На крыльце же, на свежем воздухе, в толпе усердных слушателей, какой-то тщедушный, загнанный старикашка рассказывал, какой у них в селе, возле Тамбова, генерал был: «Как подашь ему это, бывало, либо трубку в пыли, либо воды теплой напиться, – так и пустит в тебя чем попало, трубку, стакан ли, тарелку ли, что держит, так в рыло и угодит тебе. Мне морду раз окровянил так, что стыдно было в люди показаться!»
– Скоро воля будет, пачпортов не будет, – мрачно говорил другой, – не будет неволи, и пачпортов не будет.
– Ну да, в Нахичевани теперь и то их всякому продают! – откликнулся на это кто-то, – значит, воля близко!
– Э, братцы! – говорил возле долговязый парень из толпы, в нанковом жилете и пальто, купленном у какого-то жидка на торгу, – как затеял бежать я сюда, наша барыня будто подопрела; вот сущее слово, подопрела, точно снежок по весне подалась. Старосте чай стала давать, нам водку на работе! Да нет, теперь уж шабаш!.. Шабаш, не пойду!
Музыканты заливались. Скрипки весело пиликали. Разносился пунш с кизляркой. Пьяный соседский повар, накормив всю компанию, с важностью барина пыхтел и курил трубку из длинного армянского чубука, развалясь у крыльца, на травке.
– Медам, медам! пермете-с ангаже[1], – полька! – говорит кто-то, взяв смазливую горничную под руку и идя с нею сквозь толпу. Толпа на эти слова громко захохотала. Левенчук посмотрел – Милороденко.
– Ты и по-иностранному знаешь?
– Знаю! Супруга вывчила.
И долго шли танцы под вербами.
Месяц осветил двор хаты и ряд крыш слободки. Толпа прогуливалась. Девицы хихикали. Милороденко, натанцевавшись польки, утирал пот с лица.
– Да вы бы, сударь, трепака ударили! – говорили ему зрители.
– Нельзя, я барином два года был: трепак – холуйское дело.
Поздно ночью он нашел товарища.
– Что, Харько, все о своей Варьке думаешь? Чего осовел? – свирепо спросил он Левенчука, – глянь, какое веселье! А ты все о Варьке своей, о бабе покойной убиваешься, – а?
– Нет, не о Варьке, а так – скучно!
– Глянь-ка на молодую: что за красивая бабенка! хочешь, и тебе сматерим? – спросил Милороденко. – Тут только мигни, можно!

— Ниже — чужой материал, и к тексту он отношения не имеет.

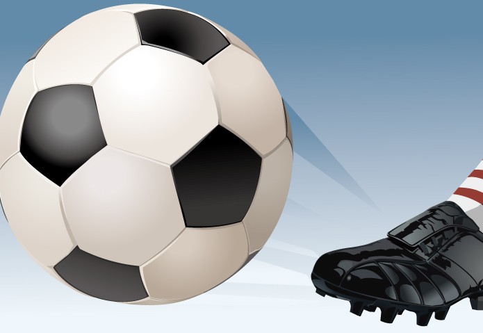 EPS格式,含JPG预览图,关键字:体育,运动,足球,球鞋,射门式踢击图,卡通,Football Kick,矢量图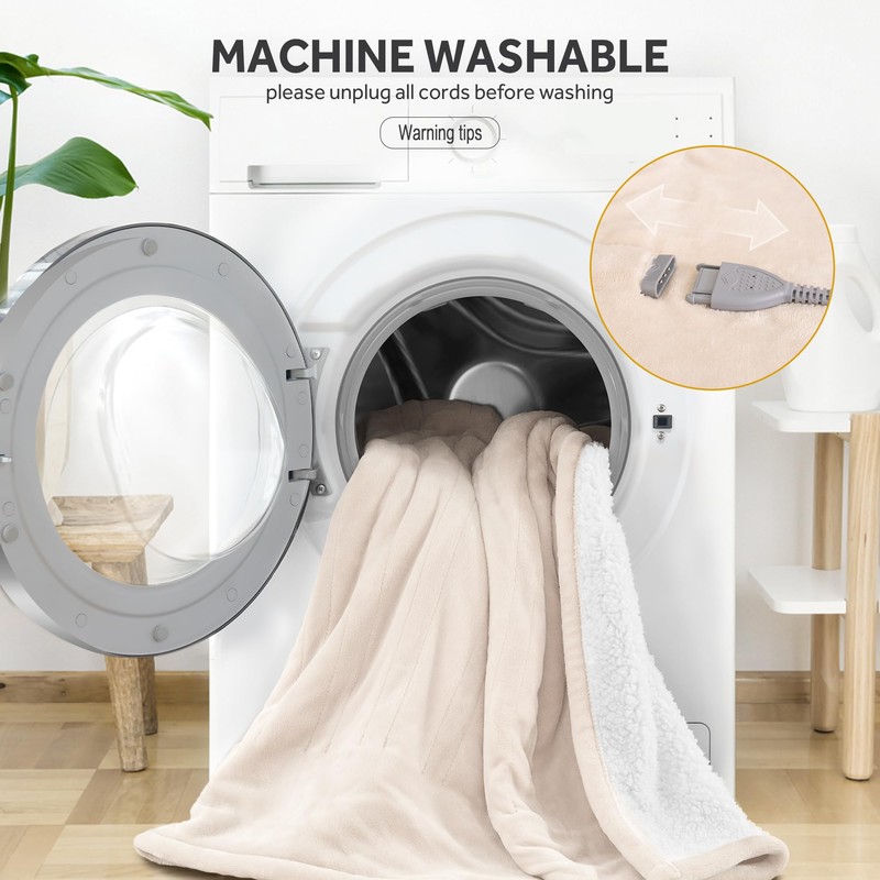 - 【Soft Cozy Material & Machine Washable】220GSM flannel + 220GSM Sherpa soft cozy heated throw blanket boasts beyond-ordinary thickness to ensure exceptional warmth even without electricity. Thick but lightweight hardly feel the heating elements while you sleep. It's conveniently machine-washable for effortless maintenance.

– Нет, скучно мне, – ничто не манит! Да ты и смелее меня; а мне все как-то жутко…
– Ну, так поцелуемся!
И приятели обнялись.
– Так будем трудиться, чтоб разбогатеть; богат – значит, волен!
– Будем. Надо устроиться, а то все страшно – стало строже все…
– Спасибо за дружбу! – добавил Милороденко, – а за уступленную порцию – тогда, помнишь? – вдвое спасибо! Я не забуду тебе этого, Хоринька. Кликни только, встретимся ли, нет ли: удружу и я тебе! Помни! А теперь дам совет: хочешь на лиманы, на Дон, к морю?
– А что?
– Там скорее деньгу теперь зашибешь: там контрабанду теперь свозят.
– Нет, погоди; огляжусь прежде здесь… Ты смелее меня – ты дока на все…
– Ну, как знаешь. А за водку спасибо. Не забуду тебя. Я же, брат, прощай! Товарищи передали, зовут к неводам, в гирла донские. У меня, коли тихое житье, скучно; я уж попорченный. Мне давай такую волю, чтоб хмелем прошибало, чтоб дух от нее захватывало. Там и страшно, да зато же и заработок хороший. А мне уж пора и на старость что припасать; нору свою завести. Хоть бы так, зернышка какого, как зайцы на зиму припасают да суслики… Недаром же я теперь навеки бросил и барина, и всех своих! Хочу остепениться, земли после куплю.
Прошло три года.
Была прелестная степная майская пора. По дикому и пустынному пути между Днепром и Мелитополем быстро скакал в колясочке, на четверне добрых лошадок, видный и веселый блондин в широкой соломенной шляпе, с бородкою и в светлом пикейном сюртучке. Его можно было принять за горожанина-афериста или помещика. Он рассматривал виды по сторонам дороги. Фу, какая глушь! Ногайско-татарская степь шла вправо и влево, изредка только волнуясь и склоняясь погорелыми от зноя травами, камышами и песчаными косами к синему, ярко горевшему морю. Здесь по приземистой траве мелькали высокие светло-желтые, синие и красные цветы, сплошь заливая собою необозримые поляны. Как бы вы ни смотрели, куда бы ни кинули напряженный взор – одни поля, голубые холмы у небосклона да мелкие, в огненной лазури потопленные, облачка. Кое-где только темнеют вдали, по сторонам, одинокие овчарни, откуда, завидя редкого путника, вдруг кинутся стаей громадные пастушьи собаки, темными черточками вытянутся по степи и вот-вот, кажется, настигают вас. Но расстояние так далеко, что они скоро остановятся и, свернувши свои косматые хвосты, возвращаются назад. Белыми пятнами ходят бесчисленные дрофы по диким, плугом не тронутым, пустырям. Коршуны высоко плавают в небе. Пестрые флегматические аисты сторонятся от дороги, чуть не задеваемые колесами, да широко раздается во все стороны вечный свист, стон и шорох степи.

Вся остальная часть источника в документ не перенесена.